More companies globally have started to utilize Retrieval Augmented Generation (RAG) to significantly enhance their AI-powered applications. In this session, we will take a closer look at how RAG works, and we will demonstrate how to implement a RAG-powered chatbot using Python.

Summary

For today we'll be discussing how to unleash the power of retrieval augmented generation to enhance aipowered applications. There are a lot of different possible applications of generative AI. You'll be surprised with how the recent innovations and findings have helped this field progress further.
We can categorize and group AI into artificial narrow intelligence, artificial general intelligence, and artificial superintelligence.
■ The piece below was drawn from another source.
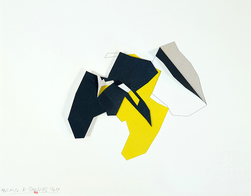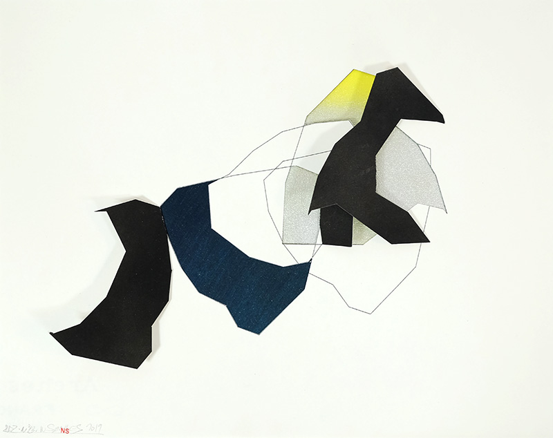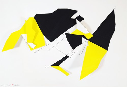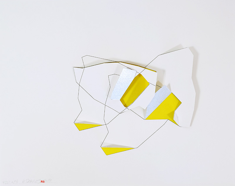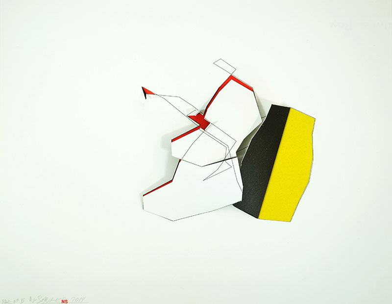 Sur des feuilles blanches des lignes dessinées se voient par endroit doublées par des lignes découpées. Elles donnent lieu à des soulèvements de surfaces qui ressemblent à des apparitions de plaques tectoniques à échelle miniature. Mais ces découpes révèlent aussi des arrière-plans singuliers. En effet, on voit paraître divers modules colorés qui relèvent parfois du fond, parfois de la face cachée du papier qui sert de support à ces variations créatrices, parfois de l’ombre que laisse un plaque qui se soulève.

From deep learning comes generative AI, where models can generate new text or data. There are numerous limitations under llMs, but I'll share just a couple of them.
foundation models have a capability to generate output encompassing multitude of applications and cases. These models are trained using unstructured data in an unsupervised manner. You could build on top of foundation models too. For certain scenarios, you could provide a sentence and ask a question.
RAG is about retrieving relevant context from external knowledge bases and then augmenting it with your original query. There are three different types of rag. Advanced rag was created to solve some of the shortcomings of naive rag. Moderal rag provides greater versatility and flexibility.
The Sagemaker Python SDK can be used to deploy a self hosted large language model in its own inference endpoint. Can we build a generative aipowered application in 24 hours? Definitely yes. But once we have to implement a rag powered generative AI application, it may take a bit more time.

Transcript

This transcript was autogenerated. To make changes, submit a PR.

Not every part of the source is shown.